The display panel according to claim 1. The display element includes a light-emitting organic compound,
The display panel according to claim 1 or 2. The first substrate has flexibility,
The second substrate has flexibility.
The display panel as described in any one of Claims 1 thru | or 3. The display element includes a liquid crystal,
The display panel according to claim 1 or 2. A display module according to any one of claims 1 to 5,
A display module comprising: a flexible printed circuit board electrically connected to the terminal.

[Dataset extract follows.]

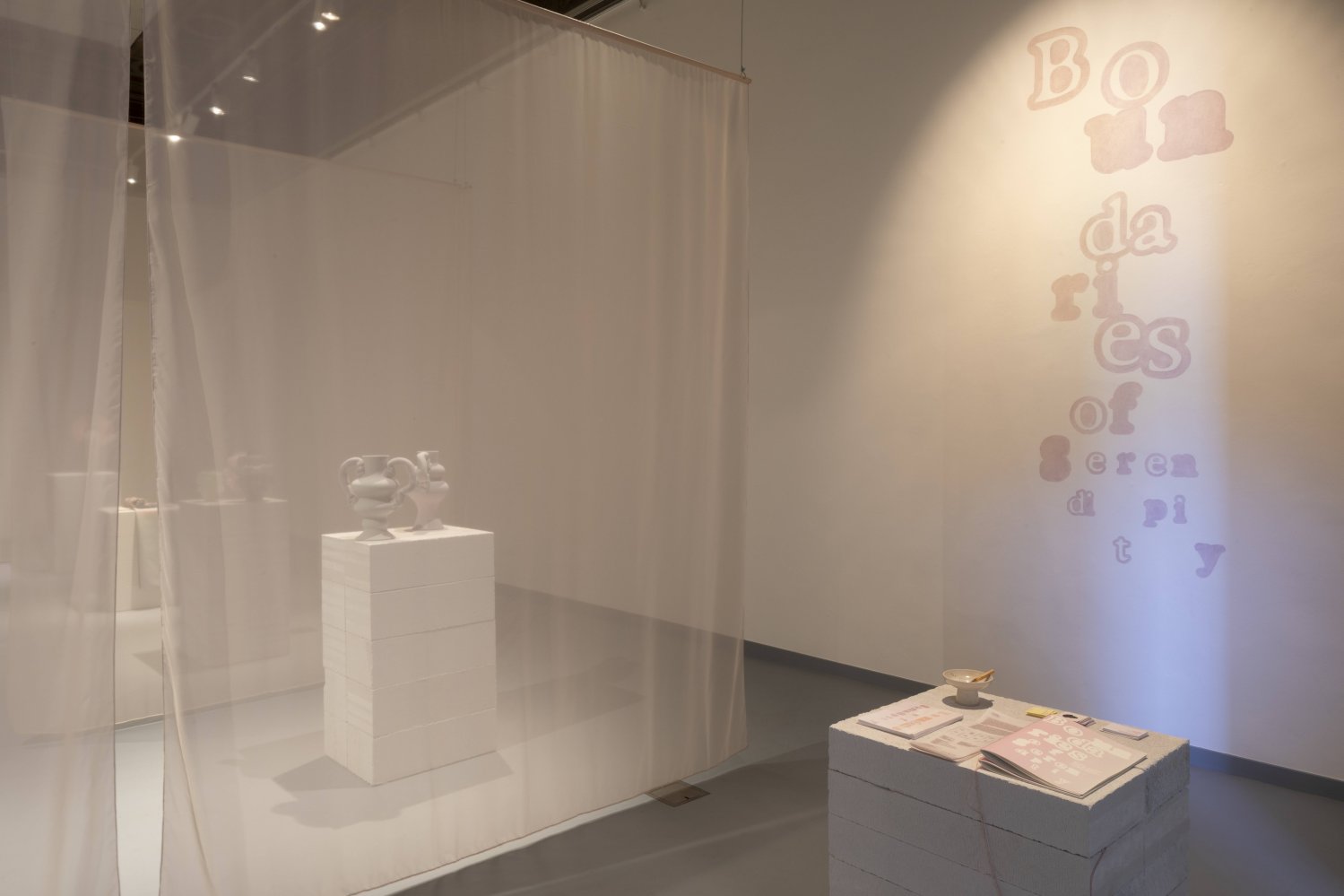 Aktuální výstava v Galerii UM s názvem Boundaries of Serendipity představuje tři mladé umělkyně, absolventky a studentku UMPRUM: Karolínu Kučerovou a sestry Paulu a Františku Benčaťovy. Jejich tvorba se vyznačuje neustálým hledáním a posouváním hranic technik a řemesla. Všechny spojuje hluboká citlivost k časovosti a materiálu, a také vnímavost k podstatě a významu jejich děl.

A terminal, a first base material supporting the terminal, a second base material having a region overlapping with the first base material, a bonding layer for bonding the first base material and the second base material, and the A first step of preparing a processing member having a display element electrically connected to the terminal between the first base material and the second base material, and forming a mask in a region overlapping the display element; ,
A second step of forming an insulating layer in contact with the first substrate, the second substrate, and the bonding layer using an atomic layer deposition method;
And a third step of removing a part of the insulating layer together with the mask.